In 1943 the veteran socialist radical Arthur Rae died and Norm Jeffery, his colleague in the breakaway Pastoral Workers Industrial Union in the 1930s intended to write a biographical portrait for the New South Wales Trades and Labor Council. This does not seem to have been accomplished but Jeffery did manage to establish communications with a New Zealand labour historian, Bert Roth, who had written a brief manuscript about Arthur Rae’s father, Charles Joseph Rae. Originally published in New Zealand Libraries, vol 22, August 1959, pp 129-132, Mr Roth has kindly consented to its re-publication in Hummer.

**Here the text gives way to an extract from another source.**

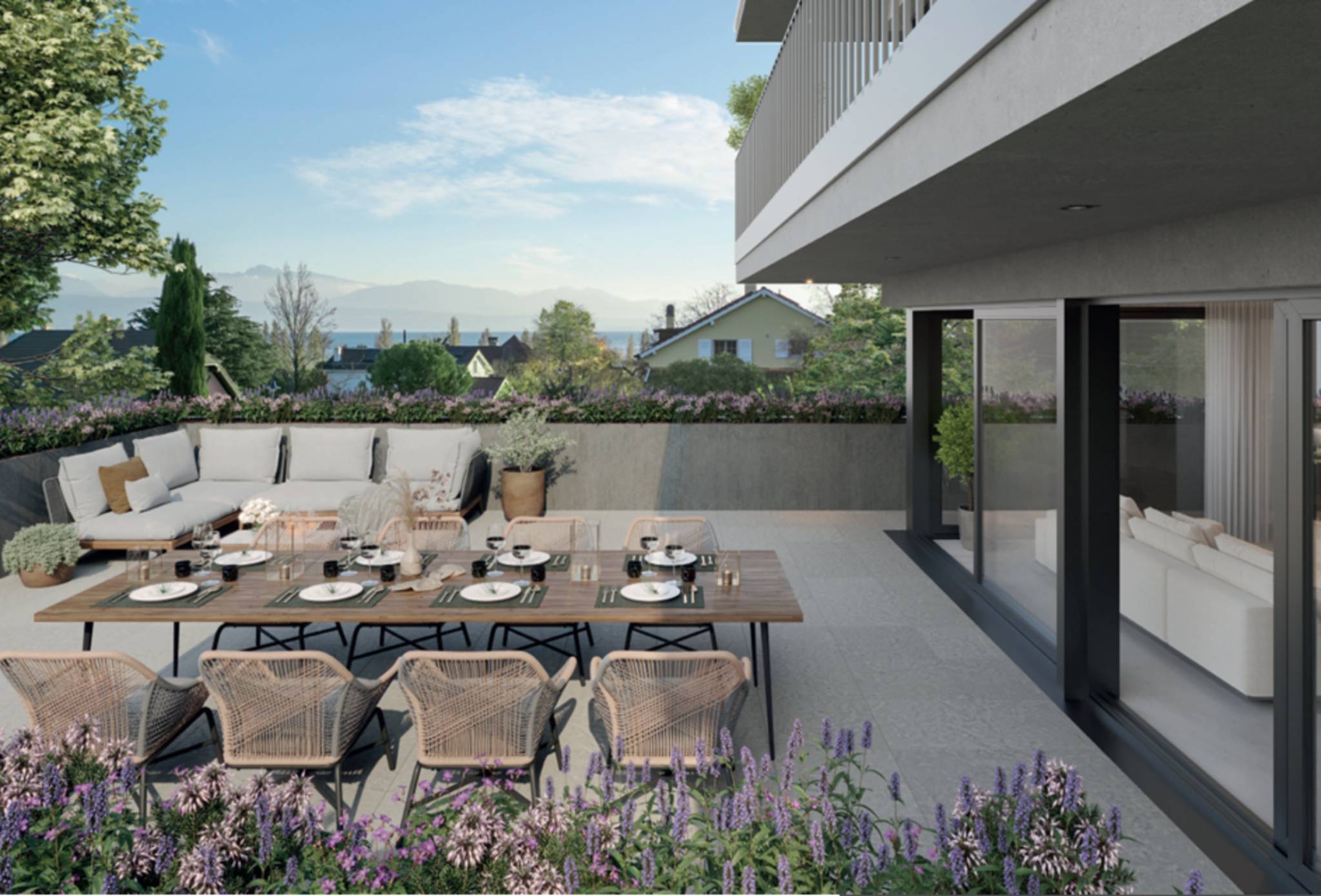 Découvrez Rives d’Or, une nouvelle promotion immobilière de deux villas mitoyennes idéalement située à Préverenges, au cœur d’un environnement paisible et verdoyant, à deux pas de la plage de Préverenges.

The first Mechanics’ Institutes were founded in Britain in 1823. Three years later, there were more than a hundred of them and, by 1851, their numbers neared the 700 mark in Britain and had spread throughout the world. J.W. Hudson, in his History of Adult Education (London 1851) noted the extraordinary development of these people’s seminaries in the remote regions of the earth, and expressed his pride that “the humble temple of knowledge rears its head adjacent to the abode of the New Zealander and the Sandwich Islander”.

In New Zealand as elsewhere, the Mechanics’ Institutes were frequently the forerunners of our public libraries and there is some interest in tracing the career of a man who helped to introduce the movement into this country, and who was prominently associated with three Mechanics Institutes in the South Island.

Charles Joseph Rae arrived in Christchurch late in 1851. He was the thirty-one years old. A painter by trade, Rae had taken an active part in the Chartist agitation in London in t he early forties, “Many a night.after a day of toil”, he recalled later, “have I passed with committees of advanced thinkers of that time, conning over and discussing plans to better our conditions.”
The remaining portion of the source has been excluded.